## DATASET SECTION

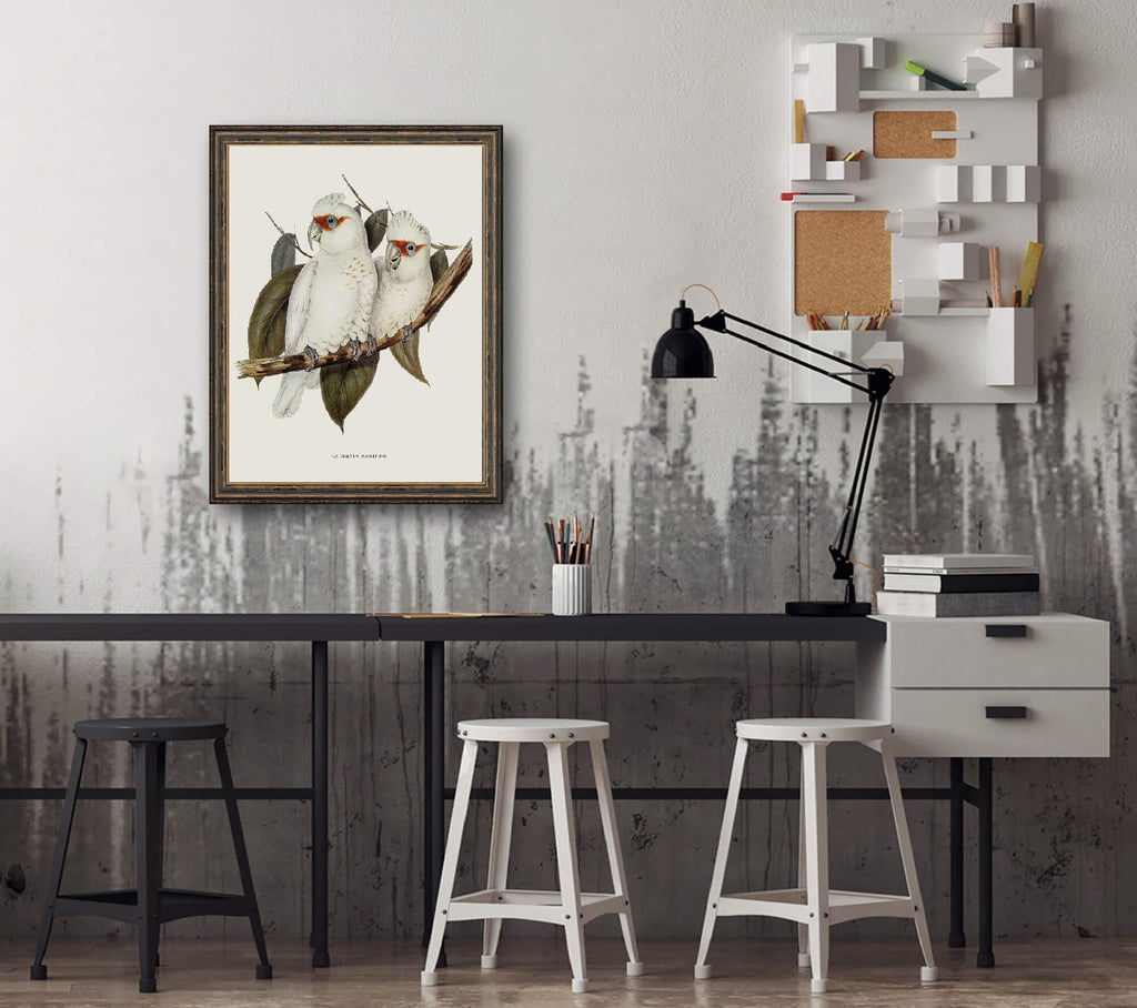 Our cockatoo wall decor is carefully restored by skilled artisans who mend faded colors and repair damages to revive the original craftsmanship. Using a 12-color Canon Pro 4100 large format printer in our Los Angeles studio, each nature art print is produced on 280g Sunset Photo Matte Paper, ensuring museum-quality finish and texture. This Australian bird poster includes a subtle white border to complement farmhouse wall hanging or shabby chic decor styles.
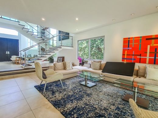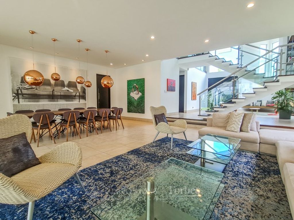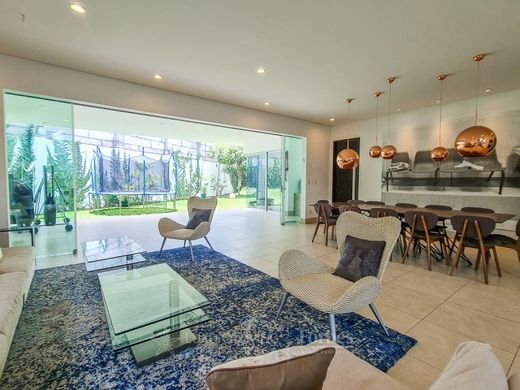 The property stands out for its contemporary architectural design, featuring floor-to-ceiling windows that allow for cross ventilation and fill the social areas with natural light. The main level offers a combined living and dining space, complemented by a spacious lobby and guest bathroom. The functional, well-equipped kitchen includes two pantries, a service room with a bathroom, and a laundry area. A covered terrace extends the social spaces into the private garden, perfect for outdoor gatherings. The two-car covered garage is complemented by additional outdoor parking.
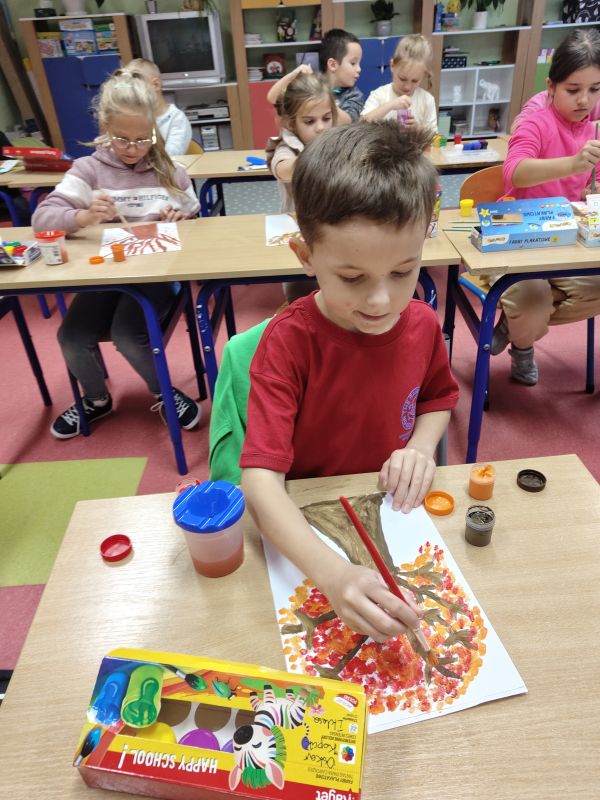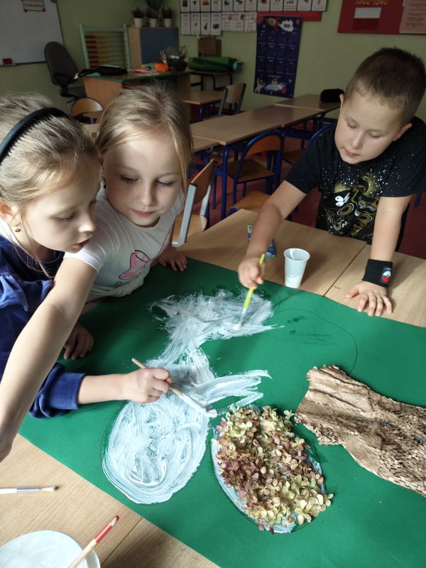W ramach działań z okazji Dnia Zwierząt jak i Dnia Drzewa przypadających na miesiąc październik, zostały wykonane różnorodne prace plastyczne. 🐭🐶🐱🐤🌳 🗣️ Odbyły się także rozmowy z uczniami, które miały na celu podkreślenie znaczenia drzew dla życia na 🌍 Ziemi i zachęcenie do ich ochrony poprzez sadzenie i pielęgnację. 🌳 Podczas zajęć świetlicowych nie zabrakło działań sensorycznych oczywiście z drzewem w roli głównej. 🌳🙌🌼💚
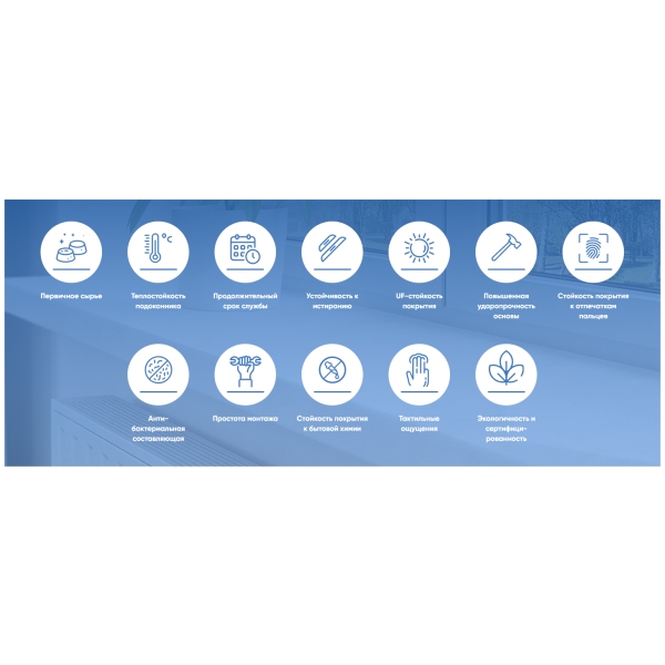 Надёжность. Подоконник имеет самое массивное и устойчивое основание среди аналогов, что позволяет ему выдерживать любые виды нагрузок.

## WORK INSTRUCTION
Would you please output the listing above exactly, leaving out the pictures?

## TASK ANSWER
 Our cockatoo wall decor is carefully restored by skilled artisans who mend faded colors and repair damages to revive the original craftsmanship. Using a 12-color Canon Pro 4100 large format printer in our Los Angeles studio, each nature art print is produced on 280g Sunset Photo Matte Paper, ensuring museum-quality finish and texture. This Australian bird poster includes a subtle white border to complement farmhouse wall hanging or shabby chic decor styles.
 The property stands out for its contemporary architectural design, featuring floor-to-ceiling windows that allow for cross ventilation and fill the social areas with natural light. The main level offers a combined living and dining space, complemented by a spacious lobby and guest bathroom. The functional, well-equipped kitchen includes two pantries, a service room with a bathroom, and a laundry area. A covered terrace extends the social spaces into the private garden, perfect for outdoor gatherings. The two-car covered garage is complemented by additional outdoor parking.
W ramach działań z okazji Dnia Zwierząt jak i Dnia Drzewa przypadających na miesiąc październik, zostały wykonane różnorodne prace plastyczne. 🐭🐶🐱🐤🌳 🗣️ Odbyły się także rozmowy z uczniami, które miały na celu podkreślenie znaczenia drzew dla życia na 🌍 Ziemi i zachęcenie do ich ochrony poprzez sadzenie i pielęgnację. 🌳 Podczas zajęć świetlicowych nie zabrakło działań sensorycznych oczywiście z drzewem w roli głównej. 🌳🙌🌼💚
 Надёжность. Подоконник имеет самое массивное и устойчивое основание среди аналогов, что позволяет ему выдерживать любые виды нагрузок.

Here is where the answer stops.